* **WHAT THE EXERCISE ASKS**:
In your copy, include no images, and write out every entry below exactly as it stands.

▽

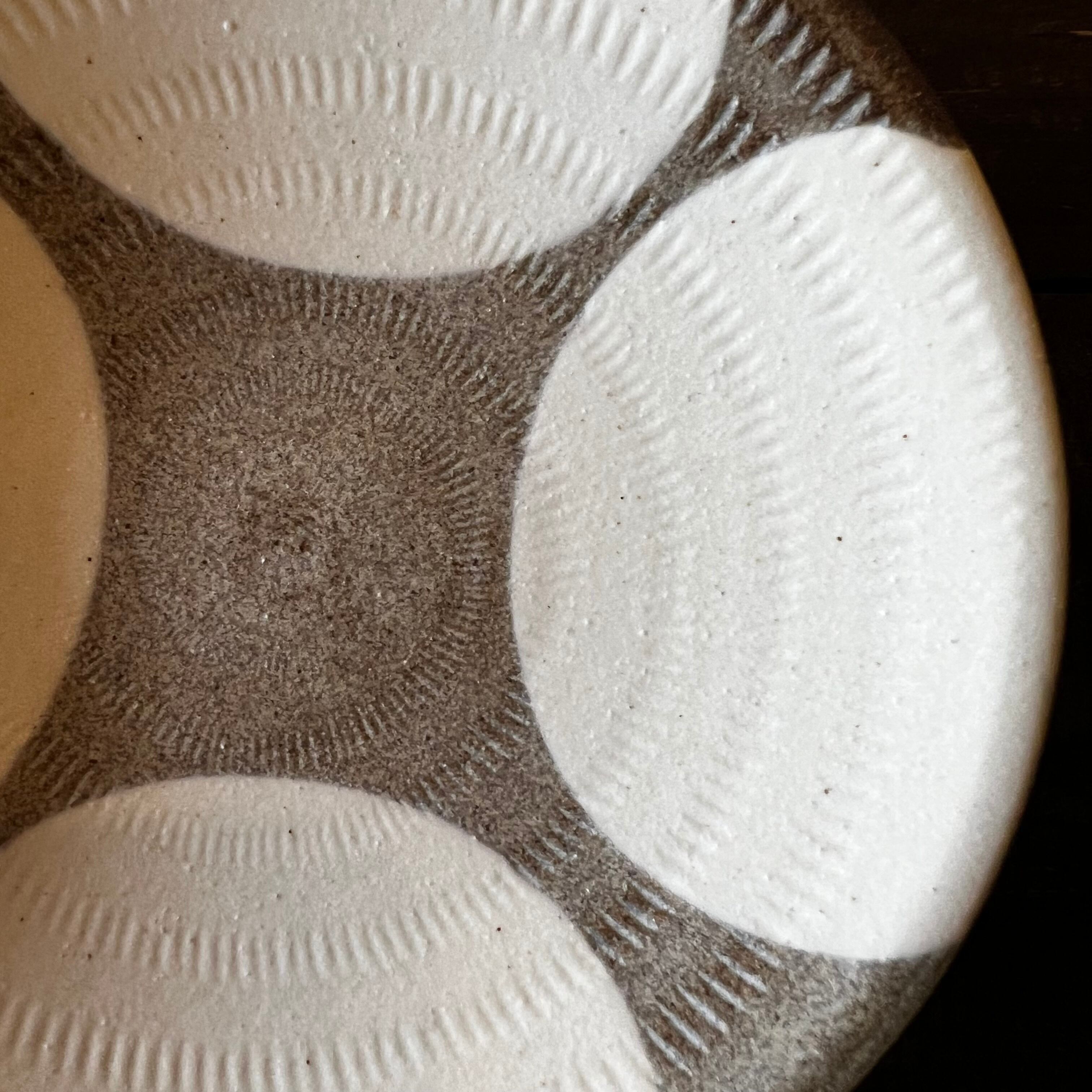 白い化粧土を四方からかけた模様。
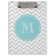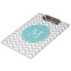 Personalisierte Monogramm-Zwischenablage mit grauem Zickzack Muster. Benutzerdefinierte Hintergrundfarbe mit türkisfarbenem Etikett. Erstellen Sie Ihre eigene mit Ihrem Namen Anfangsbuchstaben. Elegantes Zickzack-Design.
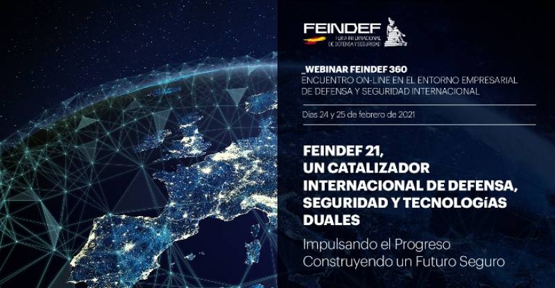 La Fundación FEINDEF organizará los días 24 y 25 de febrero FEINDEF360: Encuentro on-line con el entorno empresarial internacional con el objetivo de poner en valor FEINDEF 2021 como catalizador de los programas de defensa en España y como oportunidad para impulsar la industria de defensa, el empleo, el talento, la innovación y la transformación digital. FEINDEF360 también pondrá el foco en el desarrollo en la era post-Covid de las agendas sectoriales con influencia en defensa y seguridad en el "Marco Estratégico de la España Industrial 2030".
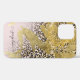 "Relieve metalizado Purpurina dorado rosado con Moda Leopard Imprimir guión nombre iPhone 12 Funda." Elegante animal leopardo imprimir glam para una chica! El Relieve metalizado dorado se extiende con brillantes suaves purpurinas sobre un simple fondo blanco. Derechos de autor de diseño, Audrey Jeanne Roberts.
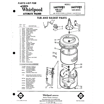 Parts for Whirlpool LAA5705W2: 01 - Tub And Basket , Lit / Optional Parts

△

* **THE COMPLETED TASK**:
 白い化粧土を四方からかけた模様。
 Personalisierte Monogramm-Zwischenablage mit grauem Zickzack Muster. Benutzerdefinierte Hintergrundfarbe mit türkisfarbenem Etikett. Erstellen Sie Ihre eigene mit Ihrem Namen Anfangsbuchstaben. Elegantes Zickzack-Design.
 La Fundación FEINDEF organizará los días 24 y 25 de febrero FEINDEF360: Encuentro on-line con el entorno empresarial internacional con el objetivo de poner en valor FEINDEF 2021 como catalizador de los programas de defensa en España y como oportunidad para impulsar la industria de defensa, el empleo, el talento, la innovación y la transformación digital. FEINDEF360 también pondrá el foco en el desarrollo en la era post-Covid de las agendas sectoriales con influencia en defensa y seguridad en el "Marco Estratégico de la España Industrial 2030".
 "Relieve metalizado Purpurina dorado rosado con Moda Leopard Imprimir guión nombre iPhone 12 Funda." Elegante animal leopardo imprimir glam para una chica! El Relieve metalizado dorado se extiende con brillantes suaves purpurinas sobre un simple fondo blanco. Derechos de autor de diseño, Audrey Jeanne Roberts.
 Parts for Whirlpool LAA5705W2: 01 - Tub And Basket , Lit / Optional Parts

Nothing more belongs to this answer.